In 2012, Sinai leaders completed a series of community needs assessments and determined that behavioral health would be the top priority in the hospital system’s strategic planning. In Dellacecca, Sinai found an executive who had traveled down this path before, albeit in a smaller, rural location. Dellacecca, a 25-year industry veteran, took on a similar challenge of revamping a hospital system’s behavioral healthcare programming during her six-plus years with Lakewood Health System, based in Staples, Minn.
“Creating services for underserved areas has always been a huge passion of mine,” says Dellacecca, who officially joined Sinai as system vice president for behavioral health in November 2014. “I’ve felt that one of my strengths is to be able to develop programming that meets the needs of the community—being able to listen to community members and align services to what they are looking for and need.”
Since Dellacecca came on board, progress at Sinai has been swift. The most noteworthy accomplishment thus far in her tenure has been the opening of Sinai’s crisis stabilization unit at its Holy Cross Hospital. The 24-hour outpatient observation unit is the first of its kind in the Chicagoland area. The program is designed to help facilitate getting patients in a psychiatric crisis out of the oftentimes chaotic environment of an emergency department and into a safe, therapeutic space where they can receive a rapid assessment and treatment. Patients can then be moved to a lower level of care.
The benefits of the crisis stabilization unit have been tangible. Prior to its July 2015 opening, psychiatric patients faced an emergency department wait time of 18 to 48 hours. Now, the wait is down to an average of just three hours, and 56% of patients are discharged to a lower level of care, reducing costs in the process.

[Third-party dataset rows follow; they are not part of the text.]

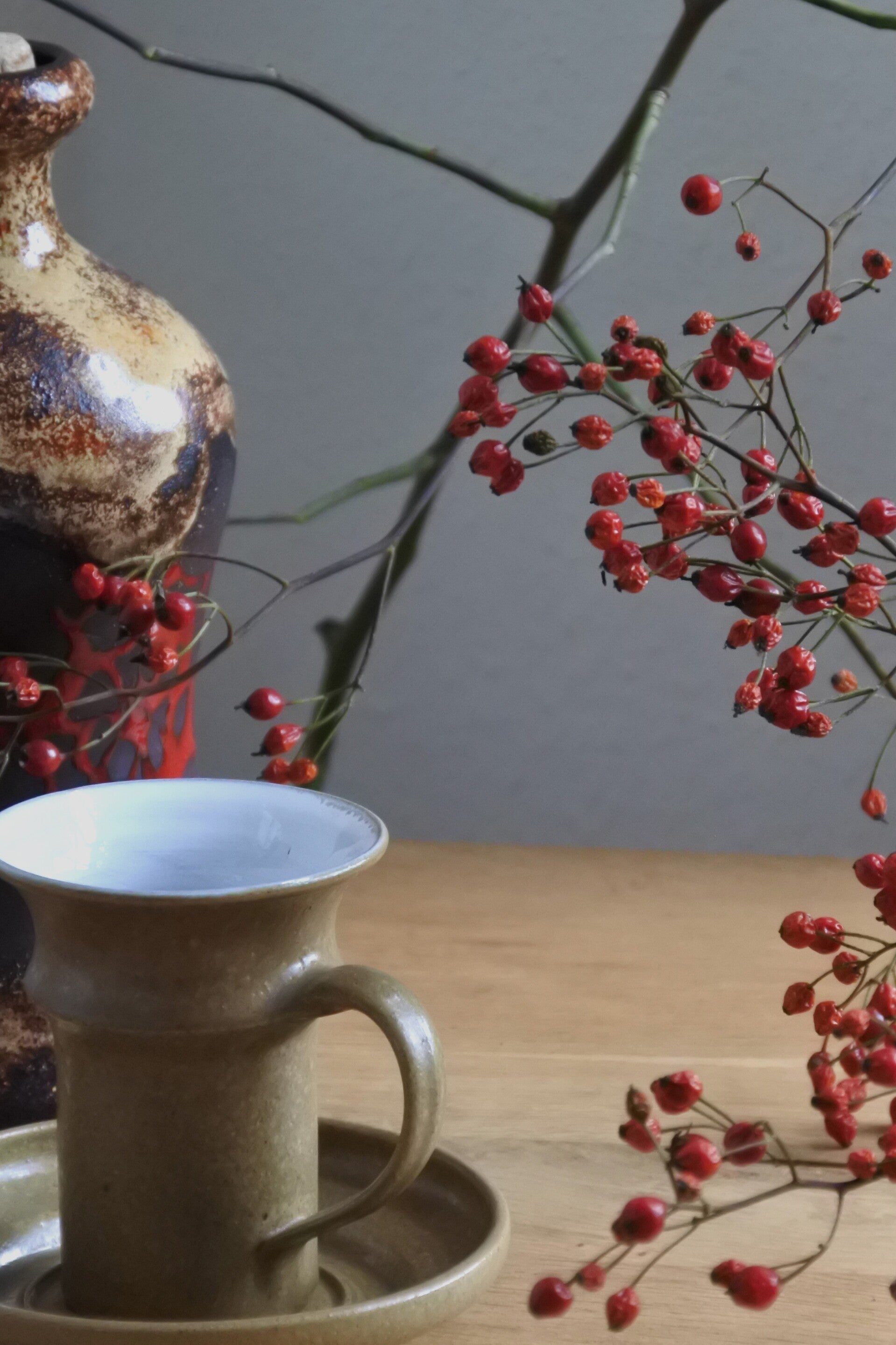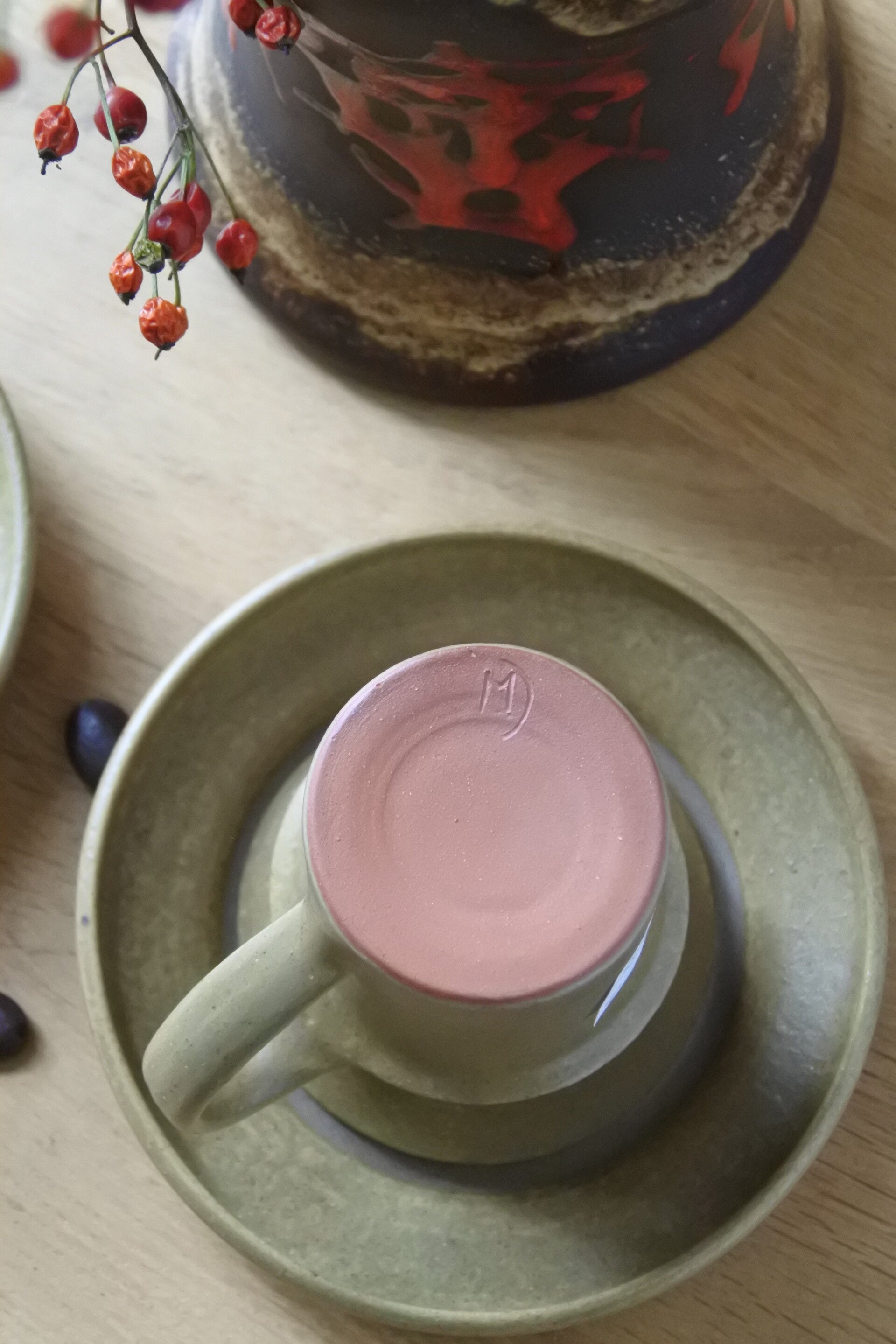 Set van 2 kunstig ontworpen kop en schotels. De set heeft een mooie zachte camelkleur en is gesigneerd aan de onderzijde met een kleine M.
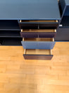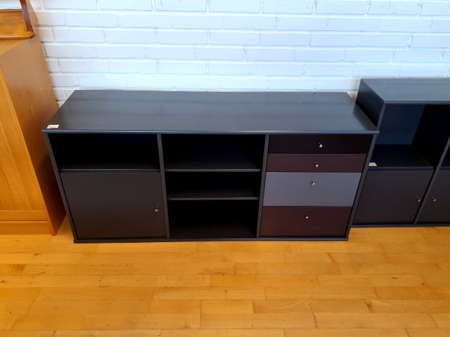 Møblet har en simpel og moderne stil med flere åbne og lukkede opbevaringsmuligheder. Det er fremstillet af holdbart materiale og har en glat overflade.
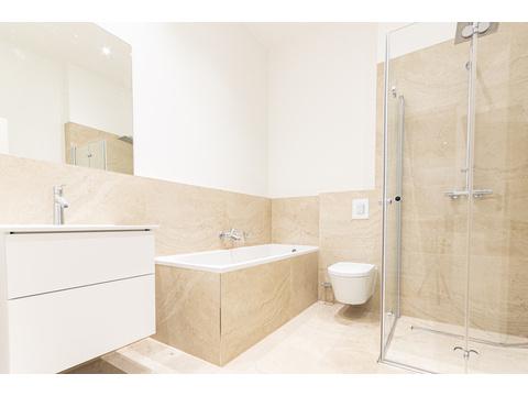 Die Wohnung ist mit hochwertigem Echtholzparkett und einer angenehmen Fußbodenheizung ausgestattet. Die offene Küche fügt sich ideal in das offene Wohnkonzept ein und eignet sich perfekt für gemeinsame Stunden mit Familie und Freunden.
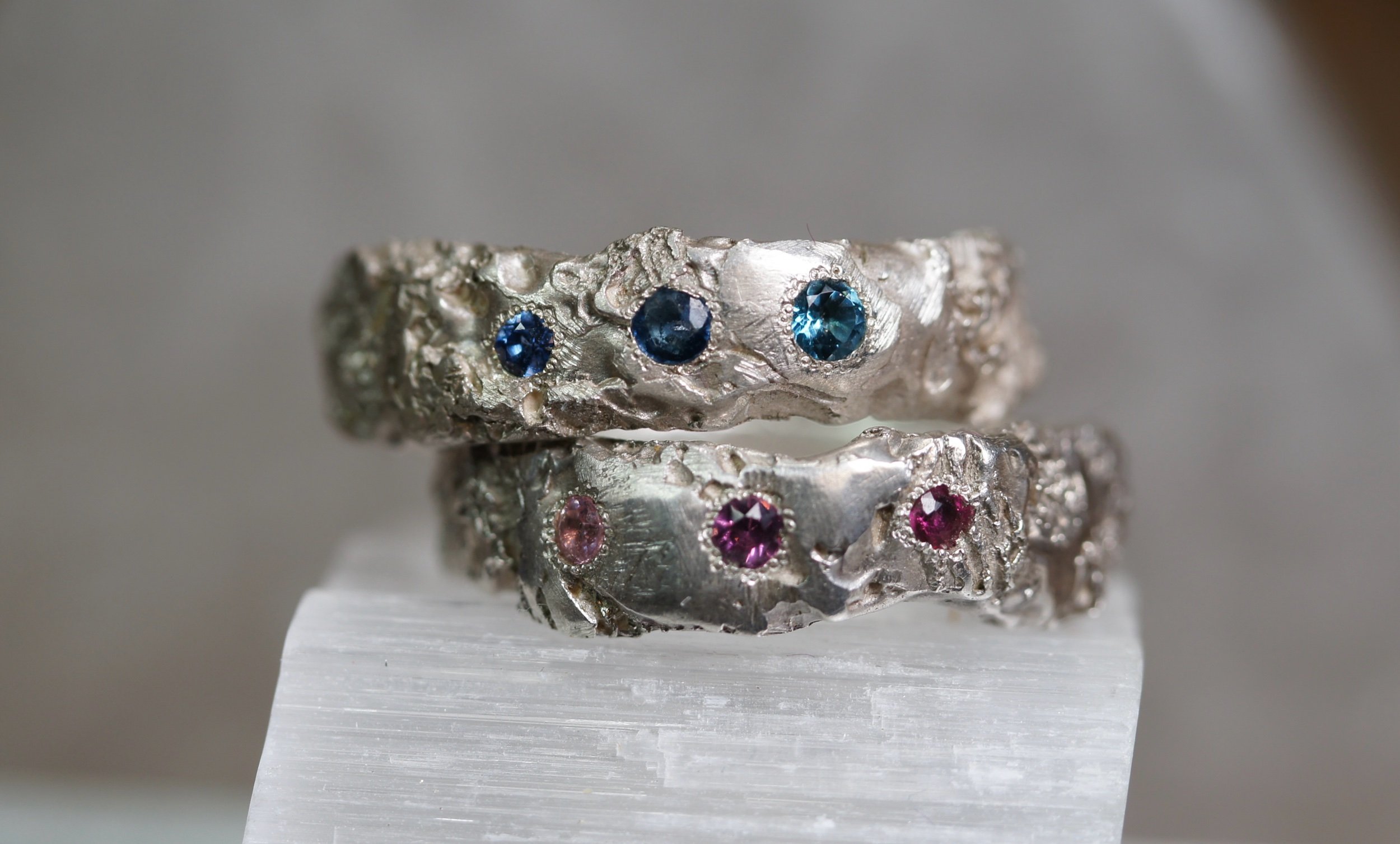 Pink: 1 x garnet, 1 x light pink tourmaline, 1 x ruby

The crisis stabilization unit at Holy Cross can serve up to 12 patients at a time and as of mid-June had served 914 patients in 2016. After its successful launch, the program will expand next spring, as Sinai opens a new larger unit that will increase capacity to 32 patients. The $4 million project will take the program’s footprint from 1,800 square feet at Holy Cross to 13,000.
Future plans
Dellacecca and her department aren’t sitting back in the meantime, however. A $4 million, 24-bed inpatient unit at Holy Cross is slated to open in September. Plus, through a partnership between Sinai and Catholic Charities of the Archdiocese of Chicago, two programs are finding a home just across the street. In October 2014, Catholic Charities acquired the Sisters of St. Casimir Motherhouse property adjacent to Holy Cross. The building will be home to a Sinai community mental health center, which is slated for a July launch, and a 50-patient intensive outpatient program coming in the fall.

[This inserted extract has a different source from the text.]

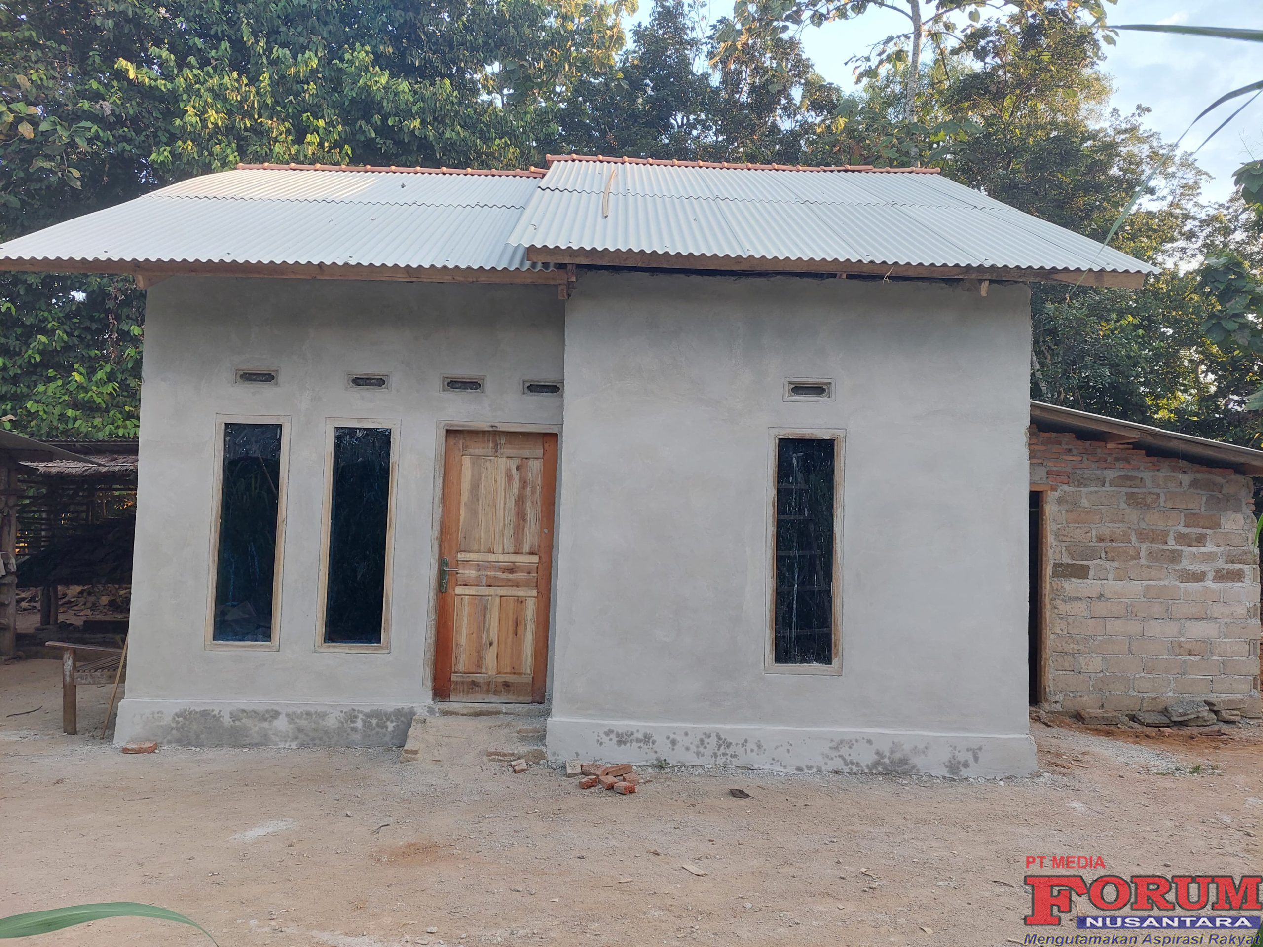 Pembangunan rumah ukuran sedang ini kini memasuki tahap akhir. Dapur sudah dipasang lantai, dan aliran listrik dari PLN telah tersambung.
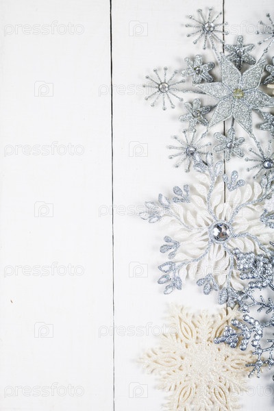 Серебристые снежинки на деревянном фоне

Partnerships are a key component of Dellacecca’s vision. In addition to Sinai’s work with Catholic Charities, the hospital system is also collaborating with the Cook County Sheriff’s Department.
“Our goal is to create an entire continuum from housing and job training to intensive residential treatment for folks that are suffering from behavioral health,” she says. “We’re experts in some of that, but there are community partners that are experts in others.”
A nationally recognized partner will work with Sinai on an effort to integrate its behavioral health and primary care services over the next 18 months, with the official announcement coming soon, Dellacecca says.
Ultimately, Dellacecca says, a willingness to collaborate with other organizations—even competitors—can be the most effective way to achieve progress and better serve patients.
“We’re all in the business to help patients and help people get access to care,” Dellacecca says. “That’s why it’s so gratifying here at Sinai to be able to pull these partners in and say, ‘Let’s work together.’ There’s no point in trying to go down the same road separately.”